Commit f111d80
committed
[SPARK-57626][SQL] Share repeated nested JSON path parsing
### What changes were proposed in this pull request?
This PR extends the internal shared parser introduced by [SPARK-47670](https://issues.apache.org/jira/browse/SPARK-47670) and #56547 from simple top-level fields to repeated literal named object paths.
The proposed changes:
- Parse literal named JSON paths into field-name segments. Both dot notation such as `$.payload.user.id` and quoted names such as `$['payload']['user.name']` are supported.

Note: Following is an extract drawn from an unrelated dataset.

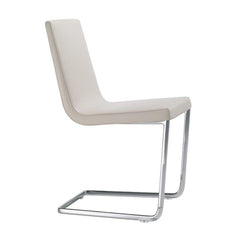 Chair with upholstered seat and backrest and steel oval plate cantilever base in polished chrome finish.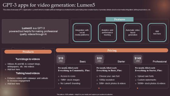 This slide showcases GPT 3 application Lumen5 which is helpful artificial intelligence oriented tool for automating video creation tasks. It provides details about social media integration, talking head videos, etc. Coming up with a presentation necessitates that the majority of the effort goes into the content and the message you intend to convey. The visuals of a PowerPoint presentation can only be effective if it supplements and supports the story that is being told. Keeping this in mind our experts created Comprehensive Resource Guide To Master GPT 3 GPT 3 Apps For Video Generation Lumen5 Themes PDF to reduce the time that goes into designing the presentation. This way, you can concentrate on the message while our designers take care of providing you with the right template for the situation.

- Build a runtime path trie so multiple nested fields can be extracted in one streaming JSON scan.
- Preserve the first non-null duplicate-key match independently for each requested path, including duplicate parent objects and non-object intermediate values.
- Keep ancestor and descendant paths in separate shared parses. For example, `$.a` never shares a parse with `$.a.b`.
- Build all greedy prefix-free groups in one optimizer invocation, avoiding repeated fixed-point iterations for parallel prefix chains.
- Retain the existing top-level fast path so top-level sharing does not pay for runtime trie traversal.
- Leave dynamic paths, wildcards, array subscripts, and paths deeper than 64 named fields on their existing independent `GetJsonObject` evaluation.
- Continue using the existing internal, default-disabled `spark.sql.optimizer.getJsonObjectSharedParsing.enabled` configuration. The existing JSON expression optimization must also be enabled.
- Extend optimizer, runtime, code-generation, malformed-input, and microbenchmark coverage for nested paths.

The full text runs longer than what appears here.